What you need to do
Look below for the line with "Case in point: after"; begin the copy there and stop after the line with "为迎接中国共产党成立100周", keeping the text exact and the pictures out.

[Stored data entries]
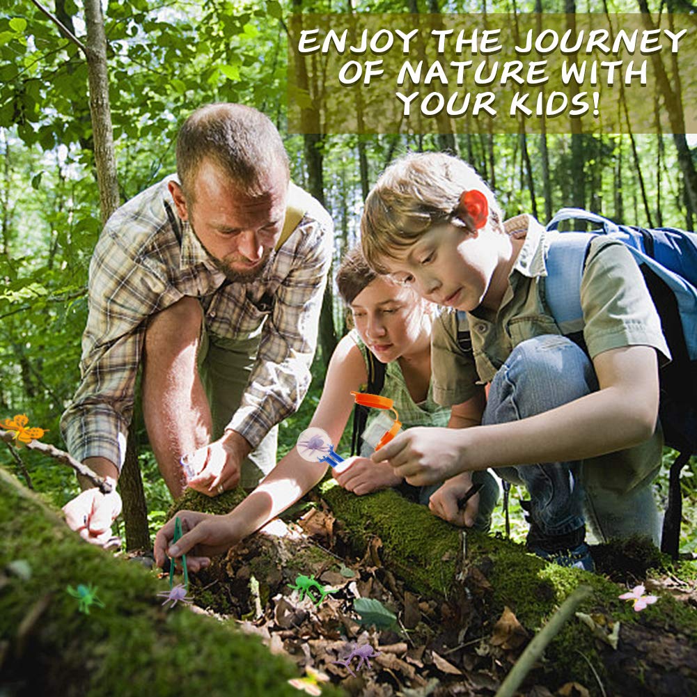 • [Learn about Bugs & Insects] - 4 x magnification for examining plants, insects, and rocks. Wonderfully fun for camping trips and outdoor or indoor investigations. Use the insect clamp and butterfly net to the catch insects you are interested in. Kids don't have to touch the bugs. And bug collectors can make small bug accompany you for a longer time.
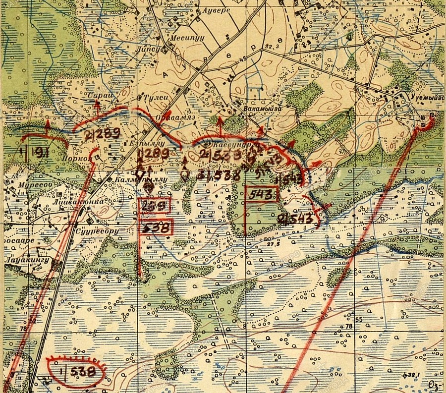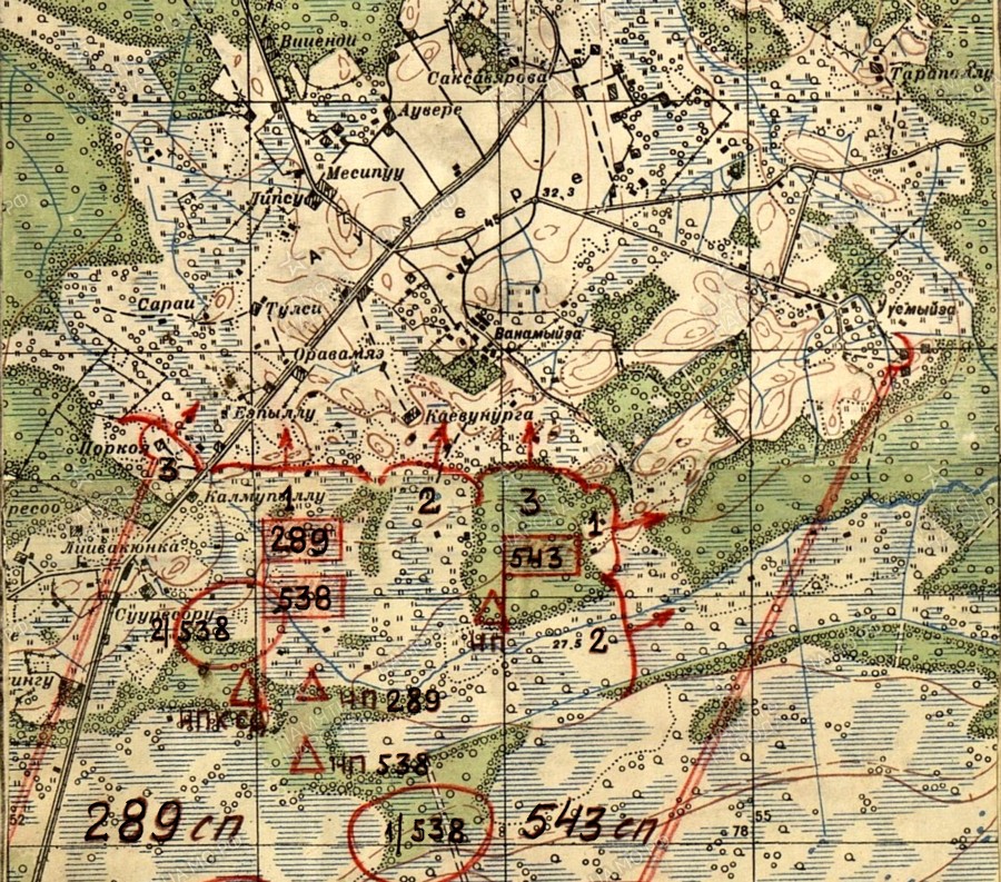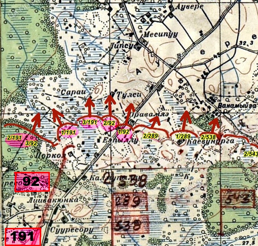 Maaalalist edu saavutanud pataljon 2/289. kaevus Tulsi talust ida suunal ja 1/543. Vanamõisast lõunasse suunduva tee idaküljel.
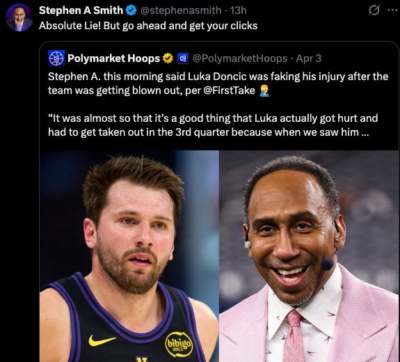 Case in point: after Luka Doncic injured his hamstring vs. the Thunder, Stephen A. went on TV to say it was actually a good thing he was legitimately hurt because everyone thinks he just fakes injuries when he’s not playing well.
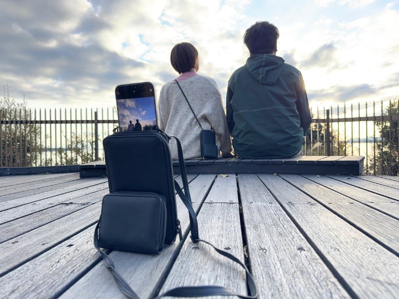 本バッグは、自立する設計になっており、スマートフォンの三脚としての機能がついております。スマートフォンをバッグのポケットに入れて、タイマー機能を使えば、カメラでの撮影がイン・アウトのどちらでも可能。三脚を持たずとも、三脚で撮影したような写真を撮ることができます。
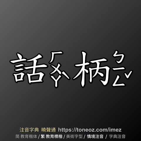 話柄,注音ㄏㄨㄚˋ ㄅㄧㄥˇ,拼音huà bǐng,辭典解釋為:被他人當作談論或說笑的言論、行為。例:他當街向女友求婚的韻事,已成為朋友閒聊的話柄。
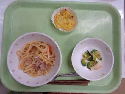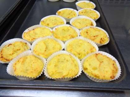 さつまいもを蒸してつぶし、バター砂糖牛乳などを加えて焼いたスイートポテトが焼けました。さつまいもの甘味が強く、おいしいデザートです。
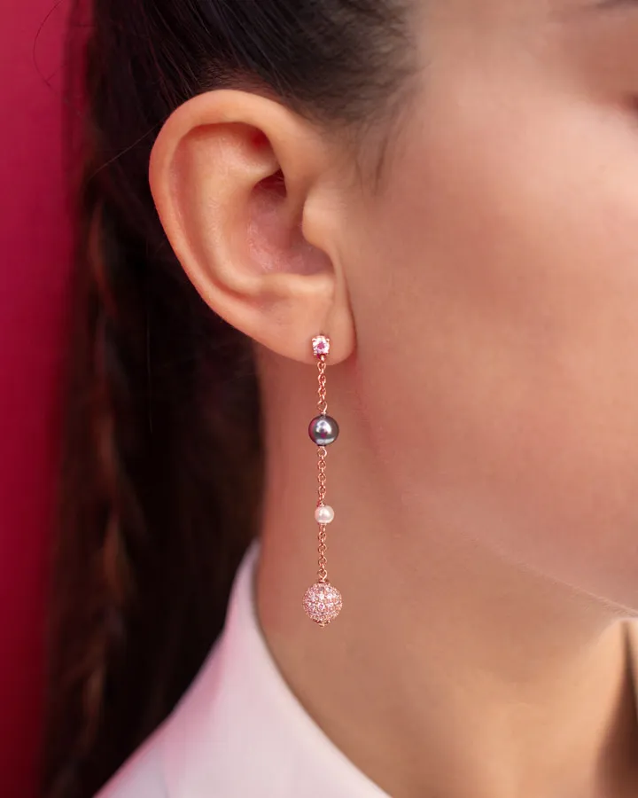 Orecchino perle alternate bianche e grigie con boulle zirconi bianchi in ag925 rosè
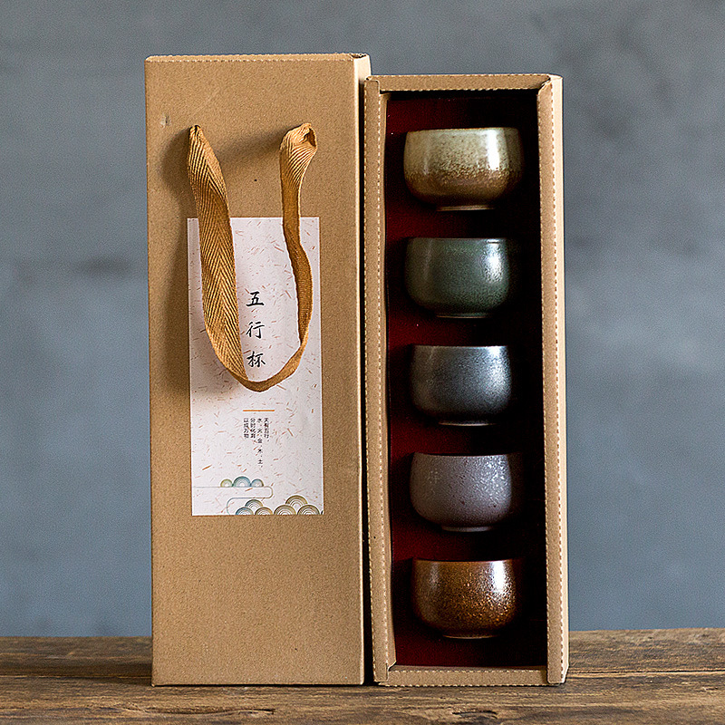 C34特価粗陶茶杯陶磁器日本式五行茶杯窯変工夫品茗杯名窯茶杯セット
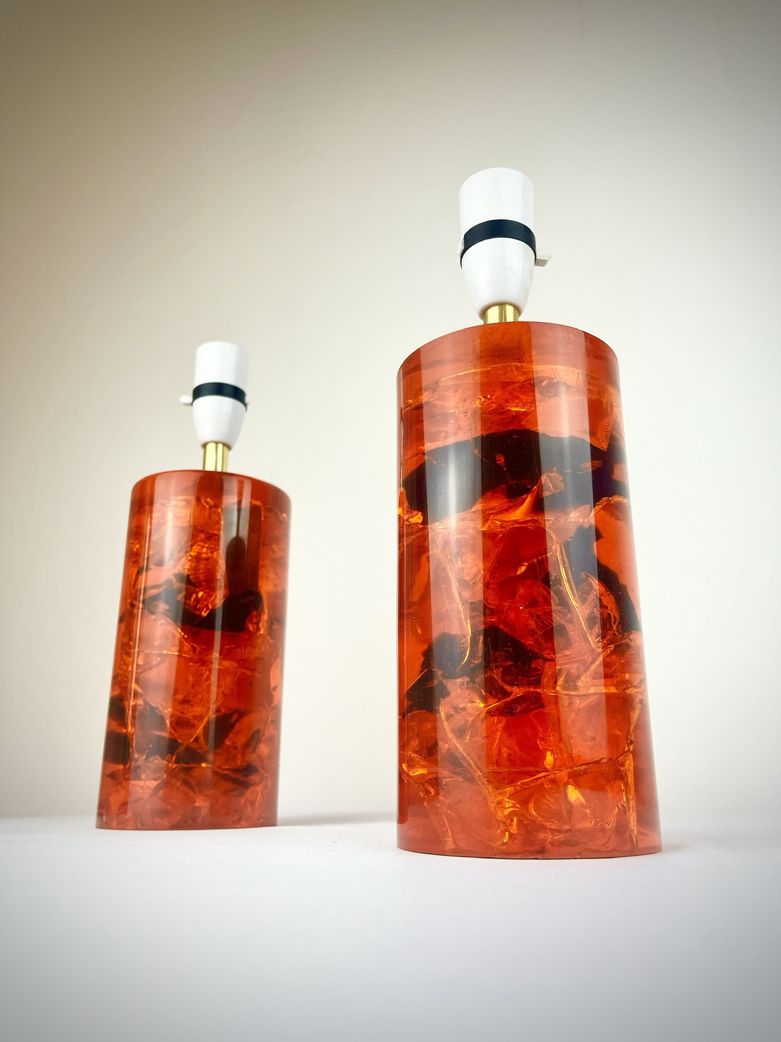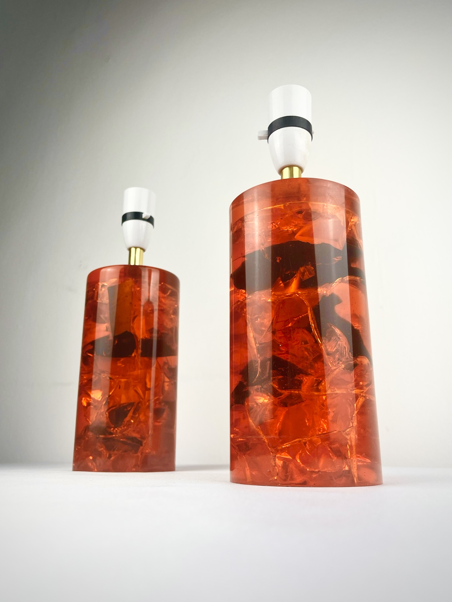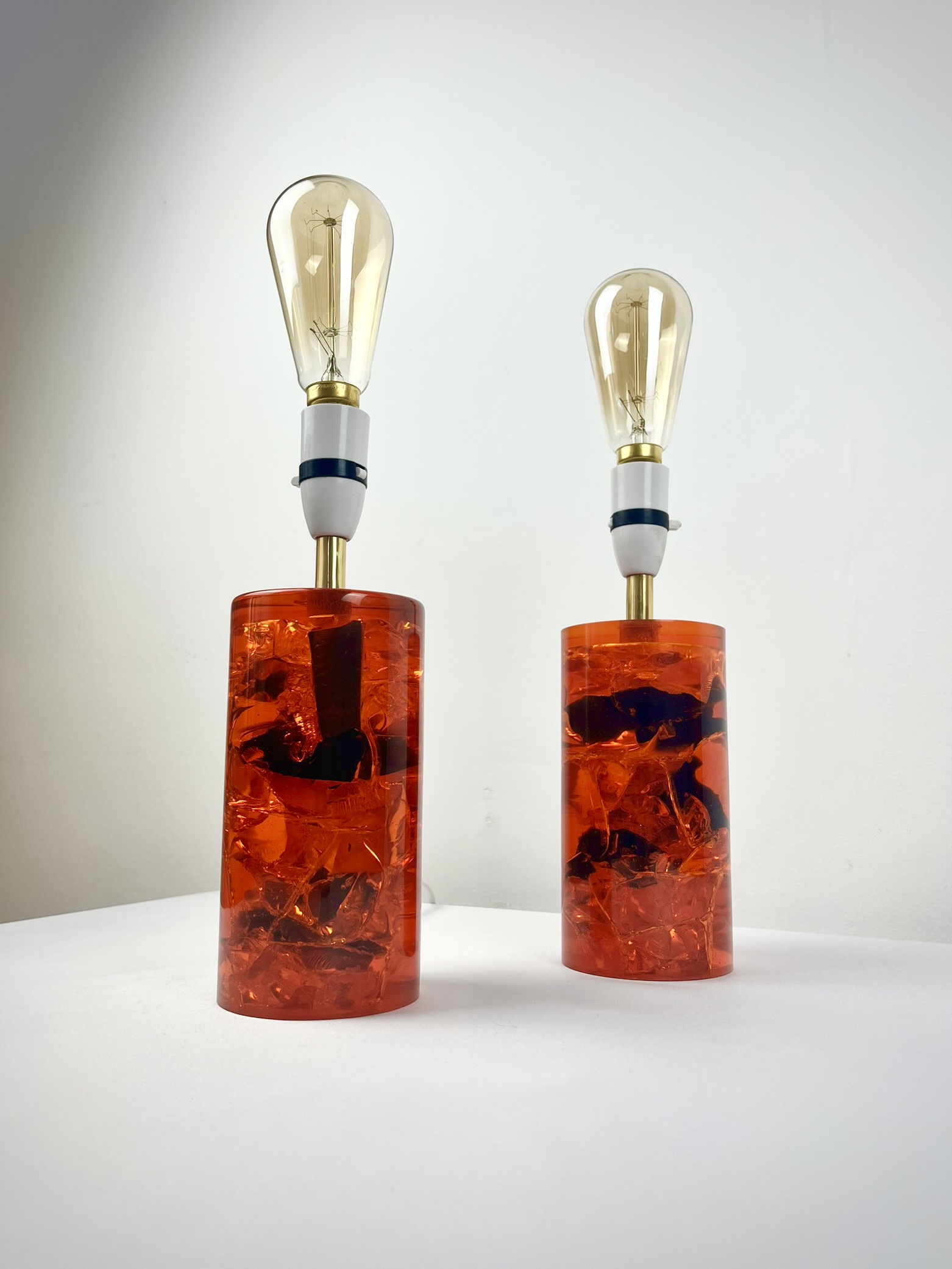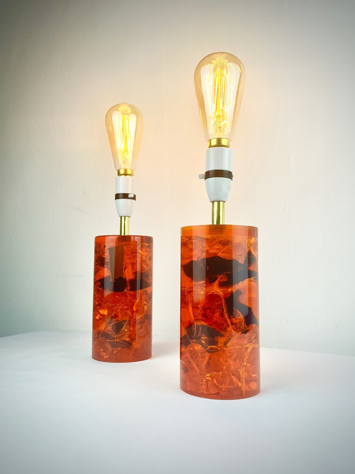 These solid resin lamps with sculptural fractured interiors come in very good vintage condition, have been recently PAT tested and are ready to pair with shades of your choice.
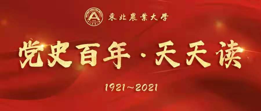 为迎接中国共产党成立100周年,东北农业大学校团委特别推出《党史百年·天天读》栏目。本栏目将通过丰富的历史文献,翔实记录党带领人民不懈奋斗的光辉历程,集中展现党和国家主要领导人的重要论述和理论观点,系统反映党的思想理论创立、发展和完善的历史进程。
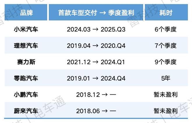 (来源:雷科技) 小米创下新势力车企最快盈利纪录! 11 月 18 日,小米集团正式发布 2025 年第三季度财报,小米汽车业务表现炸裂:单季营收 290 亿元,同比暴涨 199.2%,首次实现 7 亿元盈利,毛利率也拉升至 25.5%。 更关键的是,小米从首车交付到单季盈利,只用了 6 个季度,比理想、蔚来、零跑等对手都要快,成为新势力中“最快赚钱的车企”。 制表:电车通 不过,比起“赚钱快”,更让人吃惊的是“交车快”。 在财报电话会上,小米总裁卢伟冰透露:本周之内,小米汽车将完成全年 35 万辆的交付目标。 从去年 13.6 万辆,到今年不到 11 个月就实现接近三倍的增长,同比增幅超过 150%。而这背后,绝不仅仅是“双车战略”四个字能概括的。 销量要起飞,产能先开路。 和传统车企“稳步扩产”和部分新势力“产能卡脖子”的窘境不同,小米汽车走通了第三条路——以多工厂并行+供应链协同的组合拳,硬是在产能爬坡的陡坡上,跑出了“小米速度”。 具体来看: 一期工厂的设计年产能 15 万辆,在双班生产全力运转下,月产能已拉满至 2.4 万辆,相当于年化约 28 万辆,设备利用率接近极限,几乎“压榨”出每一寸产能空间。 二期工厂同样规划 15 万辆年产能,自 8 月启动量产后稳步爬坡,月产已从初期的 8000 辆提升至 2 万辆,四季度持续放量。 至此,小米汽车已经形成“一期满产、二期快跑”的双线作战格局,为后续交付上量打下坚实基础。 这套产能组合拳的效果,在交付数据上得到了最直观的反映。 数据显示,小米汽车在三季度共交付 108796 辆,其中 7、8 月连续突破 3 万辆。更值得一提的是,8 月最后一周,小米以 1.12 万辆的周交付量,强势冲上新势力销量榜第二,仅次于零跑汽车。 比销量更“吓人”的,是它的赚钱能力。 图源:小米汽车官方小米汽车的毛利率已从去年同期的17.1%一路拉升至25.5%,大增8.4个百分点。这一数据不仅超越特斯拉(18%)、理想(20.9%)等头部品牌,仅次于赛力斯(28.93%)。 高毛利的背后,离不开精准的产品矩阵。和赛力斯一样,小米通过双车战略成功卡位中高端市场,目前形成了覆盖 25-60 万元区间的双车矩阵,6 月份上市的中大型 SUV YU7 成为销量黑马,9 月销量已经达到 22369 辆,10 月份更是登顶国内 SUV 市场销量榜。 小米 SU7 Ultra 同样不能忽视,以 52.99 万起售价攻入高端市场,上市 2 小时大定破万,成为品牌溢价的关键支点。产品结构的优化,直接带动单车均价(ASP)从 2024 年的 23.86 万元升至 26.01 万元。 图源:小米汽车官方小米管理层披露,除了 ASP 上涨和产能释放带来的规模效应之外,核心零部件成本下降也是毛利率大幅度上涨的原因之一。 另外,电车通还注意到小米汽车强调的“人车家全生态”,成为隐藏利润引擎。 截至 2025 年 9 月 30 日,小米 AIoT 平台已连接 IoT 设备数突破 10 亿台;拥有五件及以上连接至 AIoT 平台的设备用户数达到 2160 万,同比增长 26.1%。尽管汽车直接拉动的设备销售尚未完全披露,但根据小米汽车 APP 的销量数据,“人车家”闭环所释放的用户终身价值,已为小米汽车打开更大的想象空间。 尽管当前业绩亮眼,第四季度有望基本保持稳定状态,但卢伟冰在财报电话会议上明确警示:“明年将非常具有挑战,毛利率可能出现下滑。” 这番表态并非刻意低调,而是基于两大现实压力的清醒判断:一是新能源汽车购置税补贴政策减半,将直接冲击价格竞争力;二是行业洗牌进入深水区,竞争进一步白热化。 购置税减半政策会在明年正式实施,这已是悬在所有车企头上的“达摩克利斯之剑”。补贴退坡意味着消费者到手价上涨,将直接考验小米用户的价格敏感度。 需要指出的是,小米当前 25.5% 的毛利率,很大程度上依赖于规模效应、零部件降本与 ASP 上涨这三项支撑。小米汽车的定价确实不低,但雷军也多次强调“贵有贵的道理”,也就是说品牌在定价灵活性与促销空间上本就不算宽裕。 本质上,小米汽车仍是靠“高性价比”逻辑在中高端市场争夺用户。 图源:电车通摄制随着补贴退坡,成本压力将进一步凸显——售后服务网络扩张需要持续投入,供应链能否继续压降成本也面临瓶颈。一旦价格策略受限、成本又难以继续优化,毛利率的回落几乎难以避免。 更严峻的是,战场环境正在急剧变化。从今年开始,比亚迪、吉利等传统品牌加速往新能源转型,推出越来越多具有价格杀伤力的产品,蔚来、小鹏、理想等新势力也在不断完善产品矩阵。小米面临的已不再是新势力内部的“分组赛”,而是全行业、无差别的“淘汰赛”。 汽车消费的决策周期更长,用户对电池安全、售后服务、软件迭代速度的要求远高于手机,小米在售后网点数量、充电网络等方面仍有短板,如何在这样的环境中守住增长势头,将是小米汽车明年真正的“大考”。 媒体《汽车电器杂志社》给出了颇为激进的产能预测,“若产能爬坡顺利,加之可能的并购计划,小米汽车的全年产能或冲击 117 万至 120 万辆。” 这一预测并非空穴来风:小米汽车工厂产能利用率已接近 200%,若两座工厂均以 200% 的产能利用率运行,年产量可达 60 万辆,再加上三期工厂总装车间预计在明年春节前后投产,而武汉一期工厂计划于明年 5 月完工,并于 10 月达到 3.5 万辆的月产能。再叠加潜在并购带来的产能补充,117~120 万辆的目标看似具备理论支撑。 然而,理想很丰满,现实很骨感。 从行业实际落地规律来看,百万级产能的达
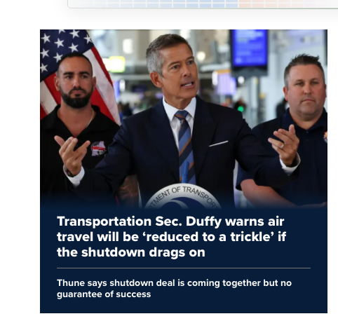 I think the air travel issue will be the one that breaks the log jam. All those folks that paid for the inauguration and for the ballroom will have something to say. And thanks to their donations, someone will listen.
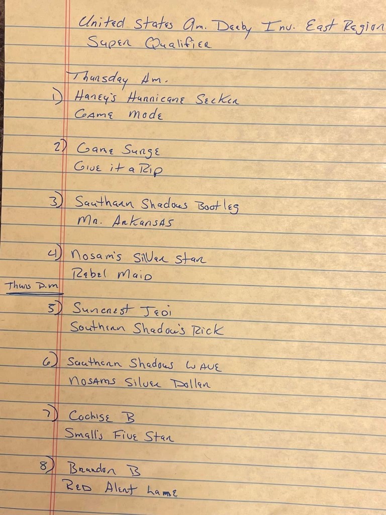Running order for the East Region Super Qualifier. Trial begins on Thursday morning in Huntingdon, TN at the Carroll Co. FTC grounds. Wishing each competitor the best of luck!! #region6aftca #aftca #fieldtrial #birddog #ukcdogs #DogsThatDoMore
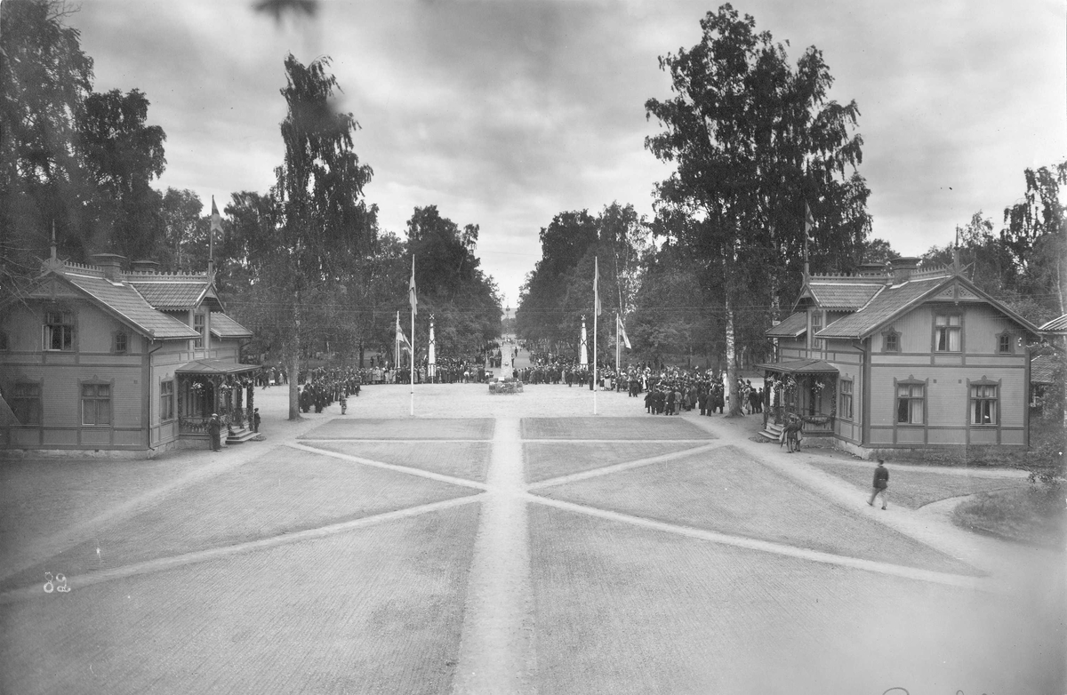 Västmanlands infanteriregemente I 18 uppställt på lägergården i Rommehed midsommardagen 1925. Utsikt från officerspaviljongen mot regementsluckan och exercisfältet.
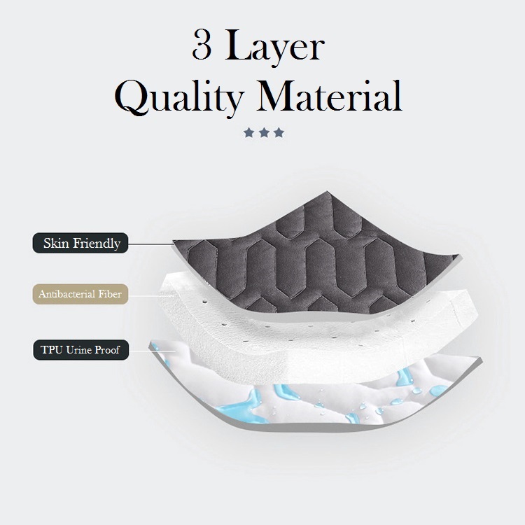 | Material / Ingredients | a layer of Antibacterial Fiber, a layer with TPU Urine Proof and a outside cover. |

Response to the task
 Case in point: after Luka Doncic injured his hamstring vs. the Thunder, Stephen A. went on TV to say it was actually a good thing he was legitimately hurt because everyone thinks he just fakes injuries when he’s not playing well.
 本バッグは、自立する設計になっており、スマートフォンの三脚としての機能がついております。スマートフォンをバッグのポケットに入れて、タイマー機能を使えば、カメラでの撮影がイン・アウトのどちらでも可能。三脚を持たずとも、三脚で撮影したような写真を撮ることができます。
 話柄,注音ㄏㄨㄚˋ ㄅㄧㄥˇ,拼音huà bǐng,辭典解釋為:被他人當作談論或說笑的言論、行為。例:他當街向女友求婚的韻事,已成為朋友閒聊的話柄。
 さつまいもを蒸してつぶし、バター砂糖牛乳などを加えて焼いたスイートポテトが焼けました。さつまいもの甘味が強く、おいしいデザートです。
 Orecchino perle alternate bianche e grigie con boulle zirconi bianchi in ag925 rosè
 C34特価粗陶茶杯陶磁器日本式五行茶杯窯変工夫品茗杯名窯茶杯セット
 These solid resin lamps with sculptural fractured interiors come in very good vintage condition, have been recently PAT tested and are ready to pair with shades of your choice.
 为迎接中国共产党成立100周年,东北农业大学校团委特别推出《党史百年·天天读》栏目。本栏目将通过丰富的历史文献,翔实记录党带领人民不懈奋斗的光辉历程,集中展现党和国家主要领导人的重要论述和理论观点,系统反映党的思想理论创立、发展和完善的历史进程。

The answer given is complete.